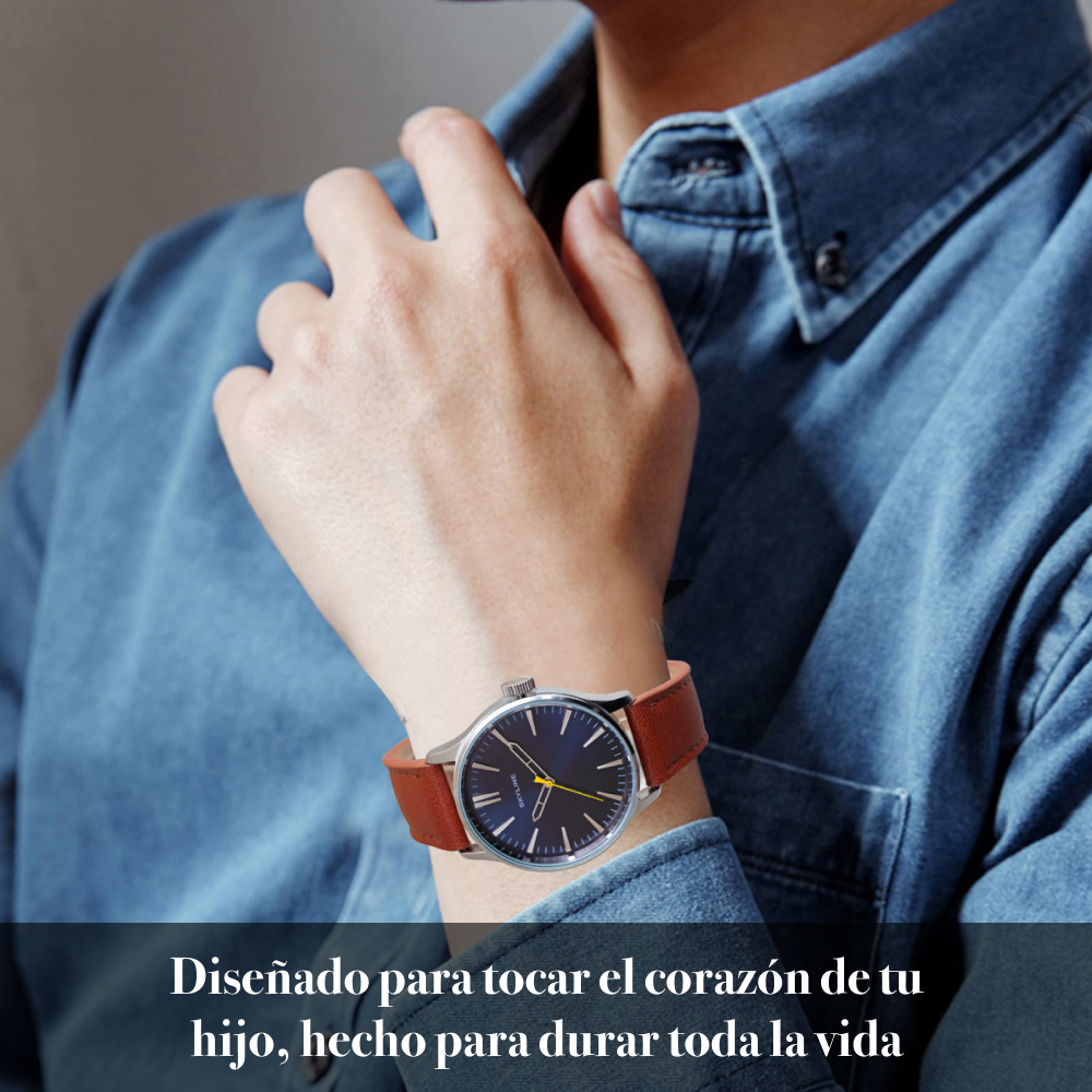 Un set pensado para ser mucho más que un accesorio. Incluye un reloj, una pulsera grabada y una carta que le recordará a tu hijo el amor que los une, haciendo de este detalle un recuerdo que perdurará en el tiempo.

+ + + + + + +

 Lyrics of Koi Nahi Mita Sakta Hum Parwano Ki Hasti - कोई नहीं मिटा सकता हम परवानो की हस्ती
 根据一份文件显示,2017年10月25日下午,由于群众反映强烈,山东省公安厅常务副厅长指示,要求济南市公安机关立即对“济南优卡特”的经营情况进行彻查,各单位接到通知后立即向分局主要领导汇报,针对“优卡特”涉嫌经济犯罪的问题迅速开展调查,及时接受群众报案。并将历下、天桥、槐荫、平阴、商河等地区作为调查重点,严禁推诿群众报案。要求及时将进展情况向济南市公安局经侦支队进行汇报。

+ + + + + + +

### [Task]
The range runs from the line with "Lyrics of Koi" up to and including the line with "根据一份文件显示,2017年" in the listing above; please write out exactly those lines and nothing more.

### [Response box]
 Lyrics of Koi Nahi Mita Sakta Hum Parwano Ki Hasti - कोई नहीं मिटा सकता हम परवानो की हस्ती
 根据一份文件显示,2017年10月25日下午,由于群众反映强烈,山东省公安厅常务副厅长指示,要求济南市公安机关立即对“济南优卡特”的经营情况进行彻查,各单位接到通知后立即向分局主要领导汇报,针对“优卡特”涉嫌经济犯罪的问题迅速开展调查,及时接受群众报案。并将历下、天桥、槐荫、平阴、商河等地区作为调查重点,严禁推诿群众报案。要求及时将进展情况向济南市公安局经侦支队进行汇报。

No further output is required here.